As a result of the recent pandemic, legislation has been passed on a multitude of levels to protect tenants facing financial difficulties from being evicted. This includes legislation passed at the federal, state, county, and city levels, all geared towards implementing a moratorium on evictions. The hope was to keep people safe in their homes during stay-at-home orders, as well as protect those who have faced financial loss as a result of the spreading virus. These legislations were passed over three months ago, and some are set to expire soon – However, at a time when there are still millions out of work, and hundreds of new cases reported each day, how will our communities respond when the eviction ban lifts?
What Current Legislation is Impacting Santa Cruz County?
Depending on the city that someone resides, the impact of the legislation can vary. As mentioned, legislation has been passed on various levels, and the expiration of the moratorium may differ from one area to the next. Here are the important facts for residents of Santa Cruz County:
Federal:Under the Coronavirus Aid, Relief, and Economic Security (CARES) Act, landlords with federally backed (Fannie Mae, Freddie Mac or HUD) mortgages or who participate in federally assisted rental housing programs, are not approved to start the eviction process or collect fees or penalties from tenants based on non-payment of rent – This moratorium is set to expire July 24th.
California: In March 2020, California Governor Newsom signed an executive order establishing a statewide moratorium on evictions. “The order prohibits landlords from evicting tenants for nonpayment of rent and prohibits enforcement of evictions by law enforcement or courts. It also requires tenants to declare in writing, no more than seven days after the rent comes due, that the tenant cannot pay all or part of their rent due to COVID-19.” This was set to expire on May 31st, but was extended now through September 30th.
Santa Cruz County: On March 24th the Santa Cruz County Board of supervisors unanimously passed a moratorium on residential and commercial evictions. However, this ended on May 31, 2020.

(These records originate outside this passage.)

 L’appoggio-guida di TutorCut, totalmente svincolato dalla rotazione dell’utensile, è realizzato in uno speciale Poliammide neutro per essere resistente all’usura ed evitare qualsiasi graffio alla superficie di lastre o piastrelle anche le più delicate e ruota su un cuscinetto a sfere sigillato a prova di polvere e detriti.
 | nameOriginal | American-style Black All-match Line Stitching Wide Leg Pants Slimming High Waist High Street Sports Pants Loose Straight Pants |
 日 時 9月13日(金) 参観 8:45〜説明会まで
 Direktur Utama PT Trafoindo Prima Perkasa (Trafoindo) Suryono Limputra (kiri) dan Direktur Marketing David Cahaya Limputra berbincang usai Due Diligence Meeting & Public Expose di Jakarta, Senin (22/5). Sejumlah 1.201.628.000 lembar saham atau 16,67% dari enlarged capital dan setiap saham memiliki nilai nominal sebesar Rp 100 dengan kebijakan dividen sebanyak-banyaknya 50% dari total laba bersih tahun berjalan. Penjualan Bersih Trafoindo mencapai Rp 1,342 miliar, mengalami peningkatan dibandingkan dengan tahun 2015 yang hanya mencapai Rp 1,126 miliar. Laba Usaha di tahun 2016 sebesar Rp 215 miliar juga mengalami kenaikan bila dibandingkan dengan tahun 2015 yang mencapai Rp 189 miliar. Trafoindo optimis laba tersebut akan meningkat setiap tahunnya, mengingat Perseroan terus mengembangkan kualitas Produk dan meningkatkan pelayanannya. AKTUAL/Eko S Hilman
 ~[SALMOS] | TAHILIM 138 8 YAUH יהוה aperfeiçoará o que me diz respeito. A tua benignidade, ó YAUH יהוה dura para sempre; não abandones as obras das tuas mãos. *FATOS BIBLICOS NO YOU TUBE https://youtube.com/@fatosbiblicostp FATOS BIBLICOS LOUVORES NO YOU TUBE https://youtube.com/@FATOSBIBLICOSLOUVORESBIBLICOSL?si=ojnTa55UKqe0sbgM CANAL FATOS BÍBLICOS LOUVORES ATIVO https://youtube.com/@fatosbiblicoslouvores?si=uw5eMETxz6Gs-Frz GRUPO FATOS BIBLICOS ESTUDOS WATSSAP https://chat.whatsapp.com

Now, what will happen if the ban lifts?
The impact of the moratorium has been witnessed by both landlords and tenants. For landlords, many are facing challenges with paying their mortgages as a result of the restrictions. For tenants however, they have been provided a sense of security during these challenging times. So, in the controversial time that we are living, what is going to happen to both parties when the bans are lifted?
- Mass Evictions. The most obvious impact of this lift will be mass evictions. For the millions of Americans who are still out of work, they may be facing eviction when the bans lift. Their only protection thus far has been government ordinances, but with these coming to an end, tenants are anxious about their futures. According to CNBC, almost half of renters between the ages of 18 and 64 are having difficulty making rent payments. They have found safety in the federal $600 addition to their unemployment; but, with this expected to expire July 31st, many individuals will face even more severe economic uncertainty.
- Homelessness. As a consequence of the mass evictions, we will witness an influx in homelessness. As unemployment remains high, individuals are challenged with finding work to support their families. As a result, families, including children, will be without shelter. To put it in perspective, it is estimated that 365,000 households in Los Angeles will be put out of a home, including 558,000 children. Unless they are educated on the process following the evictions, local shelters will need to be prepared for an influx in residents.
- High vacancy and reduced rents. With people unable to pay rent, tenants will move out and landlords will be left with vacant units. The high vacancy rates will likely result in rent reductions by landlords. This is simple supply and demand – As tenants cannot afford to pay high rents, demand for units will decline. Landlords will need to reduce their rents to attract new tenants. However, turnover for a landlord can be expensive, and their best option may be to work with their current tenant and offer a reduced rent while the tenant repays any losses.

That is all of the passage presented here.